Task objective: Word for word, please copy the line containing "最新公告 2023彰化社頭織襪芭樂觀光節 歷史訊息" and all lines after it in the entries below, and only those, leaving every picture out.

*** Supplied material ***

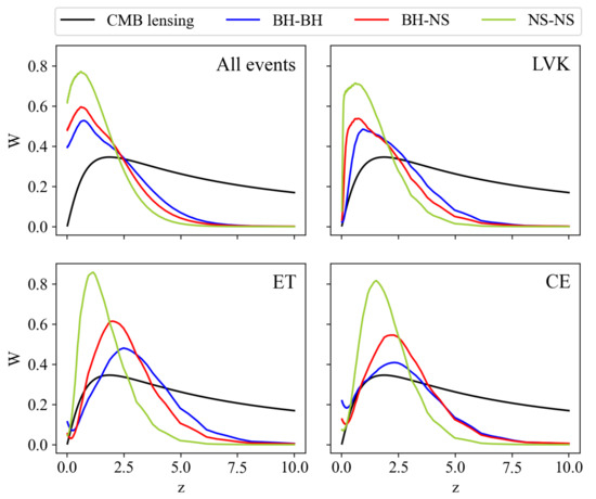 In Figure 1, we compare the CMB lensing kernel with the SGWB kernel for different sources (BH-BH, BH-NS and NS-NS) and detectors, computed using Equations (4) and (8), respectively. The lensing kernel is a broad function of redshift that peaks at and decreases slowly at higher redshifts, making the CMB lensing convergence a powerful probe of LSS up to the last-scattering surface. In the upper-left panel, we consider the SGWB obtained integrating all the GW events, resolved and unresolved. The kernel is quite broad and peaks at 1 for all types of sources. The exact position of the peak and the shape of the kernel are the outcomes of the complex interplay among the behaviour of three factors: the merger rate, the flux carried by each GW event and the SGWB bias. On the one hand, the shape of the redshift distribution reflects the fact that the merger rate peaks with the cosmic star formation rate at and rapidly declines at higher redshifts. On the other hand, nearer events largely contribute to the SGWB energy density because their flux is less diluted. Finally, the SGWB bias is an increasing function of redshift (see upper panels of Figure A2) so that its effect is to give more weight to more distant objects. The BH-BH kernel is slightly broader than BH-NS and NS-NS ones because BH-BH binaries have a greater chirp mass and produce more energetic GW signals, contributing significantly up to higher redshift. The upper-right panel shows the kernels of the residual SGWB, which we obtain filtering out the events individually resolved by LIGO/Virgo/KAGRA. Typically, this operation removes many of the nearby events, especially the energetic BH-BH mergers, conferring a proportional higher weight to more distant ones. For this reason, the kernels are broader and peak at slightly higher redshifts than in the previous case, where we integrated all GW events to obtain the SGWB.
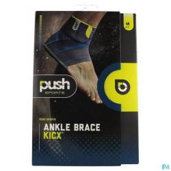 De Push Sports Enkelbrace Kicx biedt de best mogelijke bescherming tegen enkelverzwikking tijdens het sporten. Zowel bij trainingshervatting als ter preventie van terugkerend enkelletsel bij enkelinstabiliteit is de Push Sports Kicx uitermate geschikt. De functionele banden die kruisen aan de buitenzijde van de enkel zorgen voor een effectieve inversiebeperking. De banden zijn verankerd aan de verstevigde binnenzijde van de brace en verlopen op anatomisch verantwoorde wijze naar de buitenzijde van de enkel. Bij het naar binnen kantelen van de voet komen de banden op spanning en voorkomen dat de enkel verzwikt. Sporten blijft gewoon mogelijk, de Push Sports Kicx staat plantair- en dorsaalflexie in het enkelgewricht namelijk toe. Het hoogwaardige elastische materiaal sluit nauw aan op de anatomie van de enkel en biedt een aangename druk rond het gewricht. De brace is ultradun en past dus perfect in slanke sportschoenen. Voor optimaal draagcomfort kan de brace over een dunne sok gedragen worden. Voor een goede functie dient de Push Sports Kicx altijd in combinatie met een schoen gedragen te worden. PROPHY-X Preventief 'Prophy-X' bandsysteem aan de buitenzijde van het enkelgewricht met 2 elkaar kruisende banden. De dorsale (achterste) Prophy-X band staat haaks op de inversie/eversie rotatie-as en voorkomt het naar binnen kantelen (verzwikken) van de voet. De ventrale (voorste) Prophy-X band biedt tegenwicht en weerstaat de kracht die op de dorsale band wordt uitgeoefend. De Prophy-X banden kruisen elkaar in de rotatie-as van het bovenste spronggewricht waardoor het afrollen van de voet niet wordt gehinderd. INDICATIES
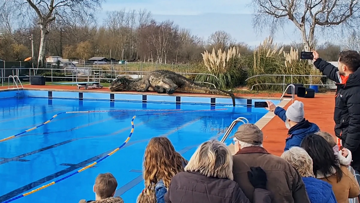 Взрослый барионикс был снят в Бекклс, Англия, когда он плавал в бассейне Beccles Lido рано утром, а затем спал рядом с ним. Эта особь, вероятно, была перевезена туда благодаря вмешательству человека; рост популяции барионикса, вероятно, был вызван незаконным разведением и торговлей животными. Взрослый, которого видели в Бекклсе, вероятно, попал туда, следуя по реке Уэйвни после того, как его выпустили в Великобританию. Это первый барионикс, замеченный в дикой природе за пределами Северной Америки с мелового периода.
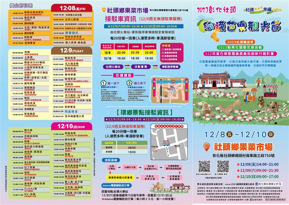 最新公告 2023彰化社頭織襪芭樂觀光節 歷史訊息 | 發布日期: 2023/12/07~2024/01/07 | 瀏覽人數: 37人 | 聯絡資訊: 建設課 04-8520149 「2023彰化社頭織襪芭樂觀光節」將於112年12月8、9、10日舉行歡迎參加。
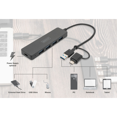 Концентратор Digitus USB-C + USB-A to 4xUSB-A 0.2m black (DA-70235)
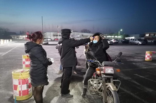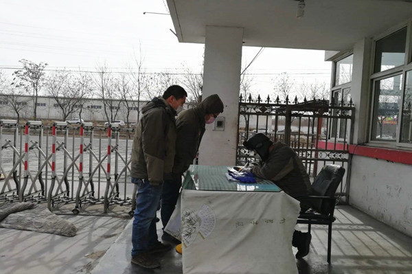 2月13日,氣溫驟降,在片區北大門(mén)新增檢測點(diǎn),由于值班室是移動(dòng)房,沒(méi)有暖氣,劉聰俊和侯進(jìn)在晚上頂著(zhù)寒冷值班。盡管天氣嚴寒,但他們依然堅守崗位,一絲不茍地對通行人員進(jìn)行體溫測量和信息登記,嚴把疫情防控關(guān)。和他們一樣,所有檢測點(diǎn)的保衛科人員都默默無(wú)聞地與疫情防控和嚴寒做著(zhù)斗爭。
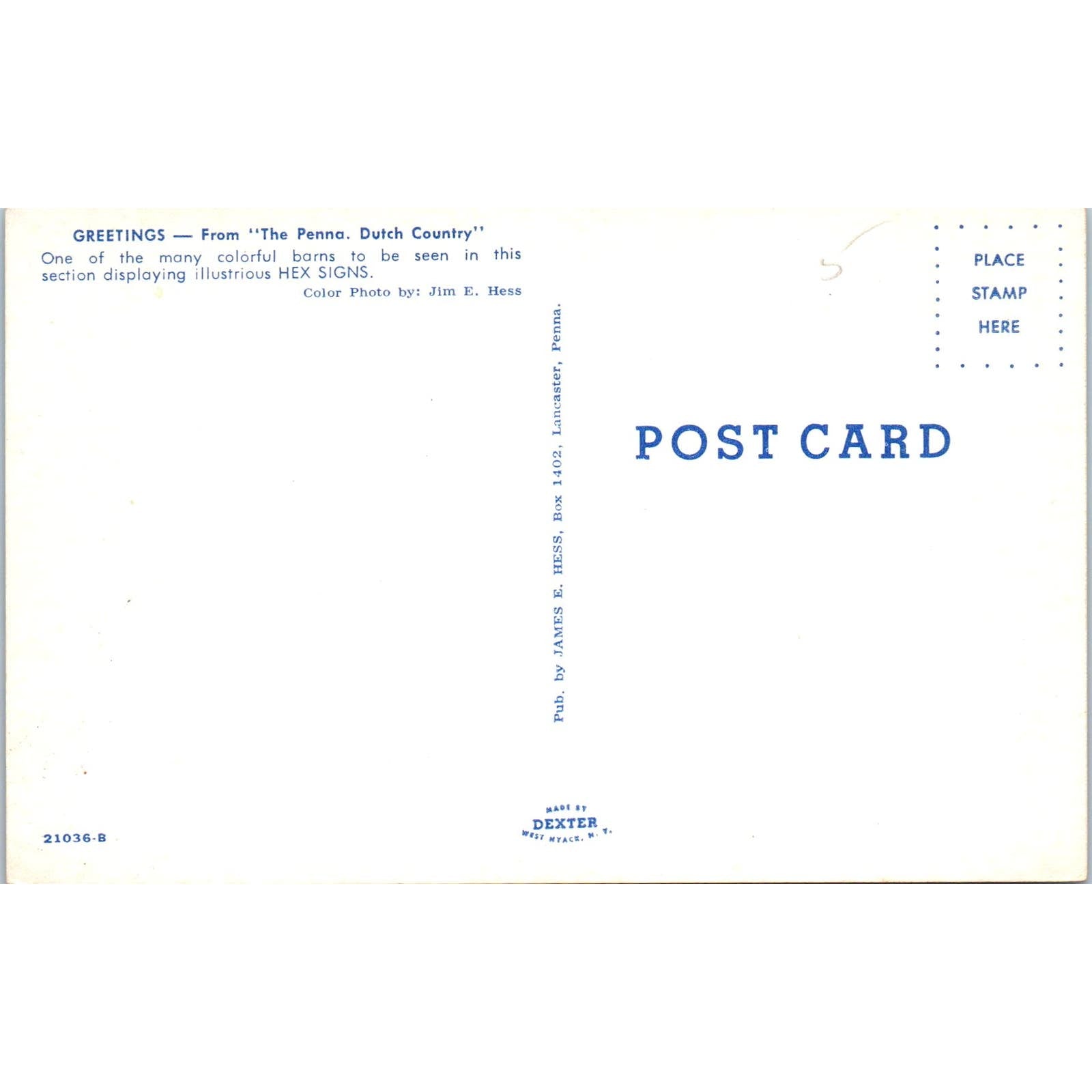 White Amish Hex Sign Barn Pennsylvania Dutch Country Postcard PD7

*** End of Supplied material ***

Output of the task:
 最新公告 2023彰化社頭織襪芭樂觀光節 歷史訊息 | 發布日期: 2023/12/07~2024/01/07 | 瀏覽人數: 37人 | 聯絡資訊: 建設課 04-8520149 「2023彰化社頭織襪芭樂觀光節」將於112年12月8、9、10日舉行歡迎參加。
 Концентратор Digitus USB-C + USB-A to 4xUSB-A 0.2m black (DA-70235)
 2月13日,氣溫驟降,在片區北大門(mén)新增檢測點(diǎn),由于值班室是移動(dòng)房,沒(méi)有暖氣,劉聰俊和侯進(jìn)在晚上頂著(zhù)寒冷值班。盡管天氣嚴寒,但他們依然堅守崗位,一絲不茍地對通行人員進(jìn)行體溫測量和信息登記,嚴把疫情防控關(guān)。和他們一樣,所有檢測點(diǎn)的保衛科人員都默默無(wú)聞地與疫情防控和嚴寒做著(zhù)斗爭。
 White Amish Hex Sign Barn Pennsylvania Dutch Country Postcard PD7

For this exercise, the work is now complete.